Serving Waitsburg, Dayton and the Touchet Valley
Each week during the school year, The
Times almost always devotes the front of our second section to high school sports. Athletics are an important part of school life, and in our small towns, they are an important part of community life.
When WP or Dayton win a state championship (as WP football and soccer did two years ago, and Dayton basketball did way back in 1995), it's as big a deal to us as the Seahawks winning the Super Bowl is to Seattle.
But some of our high school students excel at things other than athletics. This week, we had the pleasure of covering two groups of students who excelled in competition against other schools using primarily their brains.
On February 12, Dayton's Future Business Leaders of America - or FBLA - club traveled to Kennewick to take on students from 15 other schools at the FBLA Southeast Region Winter Business Conference.

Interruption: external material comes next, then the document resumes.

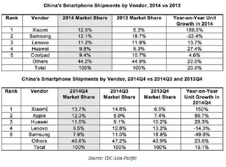 China a devenit cea mai mare piata de smartphone-uri la nivel global, cu peste 420 de milioane de terminale vandute in 2014, conform datelor IDC, unde Xiaomi a reusit sa-si adjudece o cota de piata de 12,5%, in crestere cu peste 180% fata de anul 2013, luand astfel fata rivalilor de la Samsung, care au coborat pe pozitia secunda, cu o cota de piata de 12,1%, in scadere fata de 18,7% cat detineau in urma cu un an.

The conference featured competitions in a wide variety of business-related categories.
Between them, the 26 Dayton students who attended took 67 top-five places in 32 out of about 100 events. That included 19 first-place finishes. Ken Graham's story on Page 6 lays out more details.
Dayton has a long history of success in FBLA, and that's mostly a tribute to business teacher and FBLA advisor Rob Moore. Moore has been FBLA advisor in Dayton for 27 years and has taken a generation of Dayton students to regional, state and national FBLA competitions.
The opportunity for our local students to learn about business and to gain self-confidence while presenting themselves in front of large groups of students from around the state and the nation is priceless.
In Waitsburg on Monday, Waitsburg High's number one Knowledge Bowl team took second place in the regional competition and qualified for the state championships on March 22 in Arlington, Wash. They won a close match against Dayton to take that spot.
Knowledge bowl is a trivia game, sort of. But it makes Jeopardy look like a kiddie game. Dena Wood's story on Page 5 gives the details.
Brad Green has been coaching Waitsburg's KB teams for many years and, like Moore, has seen his students excel at regional and state competitions.
We salute Rob Moore and Brad Green and all of the students who put in many hundreds of hours to prepare for these competitions. They don't draw the crowds that football or basketball teams do, but they sharpen skills they'll use for the rest of their lives.